From Our Readers
July 27, 2014 11:06 am

I got my first tattoo 3 years ago when I was 18 years old. Since then, I have had two more tattoos. Every time I have sat in that black leather chair face to face with the needle, I have remembered exactly how I was feeling at that time, where I was at in my life and what that particular tattoo meant to me.

Immediately after getting my first piece of ink, I began striking up conversations with family members, friends and strangers as to what it means to have a tattoo. I found that some people had negative reactions to my tattoo simply because I am a woman. Some consider the ink demeaning, or not ‘feminine’ enough. But I am here to defend the ‘painted woman.’

Why should it be up to others what we choose to do with our bodies? If we make that decision to get permanent ink, its our burden to carry.

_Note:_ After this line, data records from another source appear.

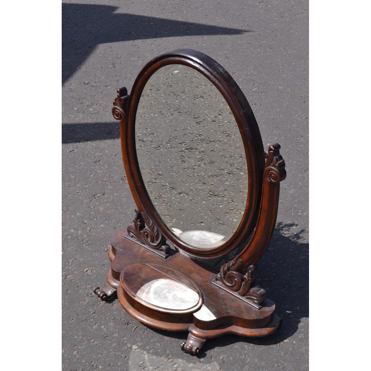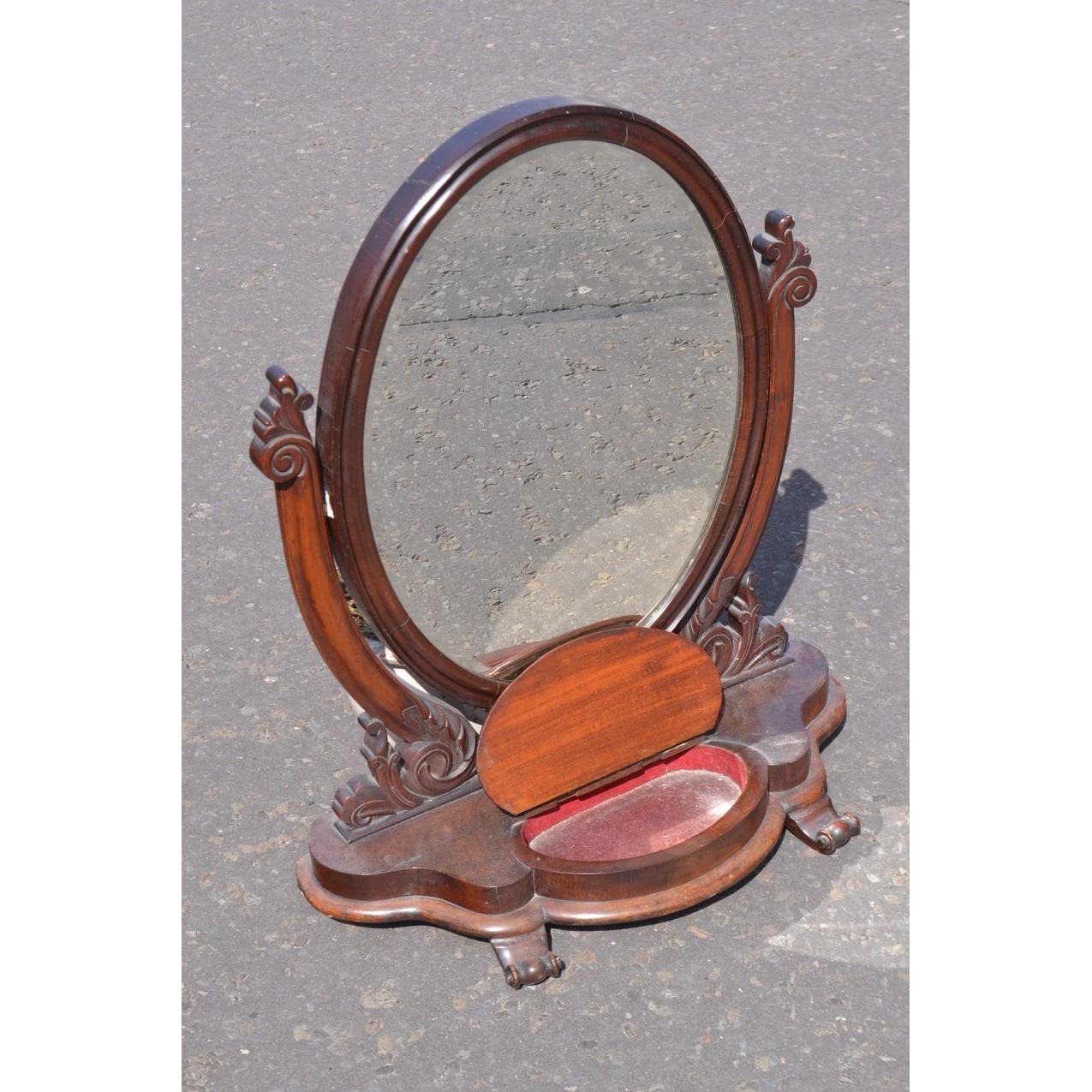 Victorian dressing glass in mahogany with small flip top lidded compartment
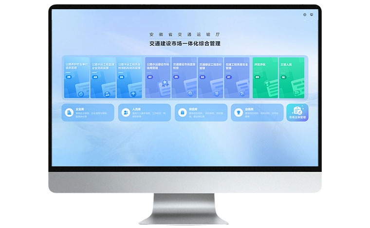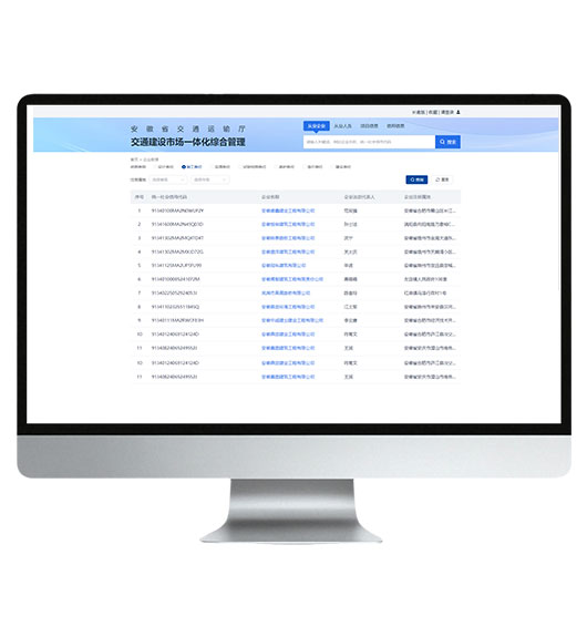 针对交通建设市场信息孤岛、信用归集不全、动态监管滞后等痛点,以及人工管理效率低、数据价值应用不足的问题,我公司承建了安徽省交通建设市场一体化综合管理项目。该项目由安徽省交通运输厅主管、省交通运输综合执法监督局实施,聚焦“信用-资质-招投标-监管-质量-造价”全环节,打造8大业务应用板块。
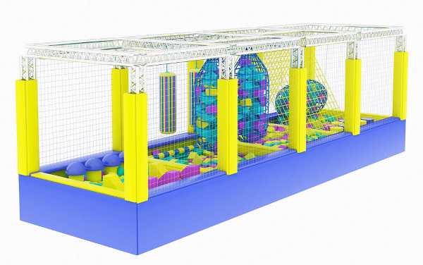 Детский лабиринт. Обычно они изготавливаются на заказ по индивидуальным размерам. Минимальный размер лабиринта, который соглашаются изготавливать производители, обычно составляет около 15 квадратных метров. Надувные батуты. Это одно из самых любимых развлечений ребят, поэтому отказываться от наличия батута не стоит. В целях безопасности каждый батут должен быть обнесен специальным защитным ограждением.

I recently got a tattoo on my lower right arm. Since that moment, I seem to be getting asked a lot of questions. People stare at my arm as they walk past me in the street, some even stop and ask me about it. In a way, it’s nice to know that some strangers notice people walking by and will actually stop to have a human conversation. When I first showed my tattoo to my parents, they were displeased, but as time goes on they have become used to it and see it as part of my personality.

One of the most common debates I find myself having with people is over my career. People argue that no one is ever going to hire me or take me seriously with a tattoo on my arm, and as a recent graduate I get quite defensive over this topic. I firmly believe that a piece of art on ones body should not in any way stop someone from getting a career they have worked for and thoroughly deserve.

Why is it fair that men are not questioned as much if they have tattoos on their arms? They are simply perceived as more masculine. But because I am a woman, and have a tattoo on my arm, people have this idea that no one will ever hire me. It would be rather upsetting if I were to lose out on a job to someone purely for having art work on my body. I can cover my tattoos easily, but it would be gratifying to think I could get a job based on my skills, work ethic and personality. Sadly, we are judged for whatever we do with our bodies.

Someday, I hope that people stop judging women for having tattoos. What we do with our bodies is our own choice. We need to embrace our individuality, and inspire body confidence in one another.